The difficulty of language identification varies greatly depending on the situation. The task is easy in case there are only a few clearly different languages to choose from, such as Finnish and Swedish, and if the texts are reasonably long, for example several sentences. In case there are hundreds of languages to choose from, if the languages are close to each other (e.g. Kven and Meänkieli) and/or if the texts are short (e.g. single words only), it may be very difficult to identify the language.
Last year, our extensive survey of automatic language identification in texts was published in the Journal of Artificial Intelligence. We are also currently working on a textbook on the same topic. The book is expected to be published in “Synthesis Lectures on Human Language Technologies” series by Morgan & Claypool in late 2021.

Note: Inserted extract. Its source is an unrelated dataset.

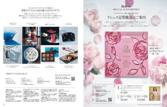 毎号スペシャルなアイテムをセットにして発売する『リシェス』の定期購読。今回は人気ブランドの名品やご当地グルメ、体験型ギフトなどえりすぐりの約440点の多彩なアイテムから1品を選べるカタログギフトとリシェスの定期購読(1年・4冊)がセットになった大変お得なコースです。

During and after my PhD research, I have participated in several international shared tasks that have focused on distinguishing between very close languages or dialects. In 2018, we won the shared tasks focusing on Swiss German dialects and Indo-Aryan languages, and last year we won a shared task focusing on different versions of Mandarin Chinese. I am also a member of the ”Ancient Near Eastern Empires” Centre of Excellence, in which context I have studied how cuneiform texts written in different dialects of Akkadian and Sumerian could be distinguished from one another. I organized an international shared task on this topic last year, and the winner was a Canadian research team using deep learning.
In the forthcoming “Language Identification of Speech and Text” project, funded by the Finnish Research Impact Foundation, I will move towards the study of language identification in speech, in addition to text. Until now, the research fields of speech and text language identification have been relatively separate from each other, and my intention is to bring more collaboration between them.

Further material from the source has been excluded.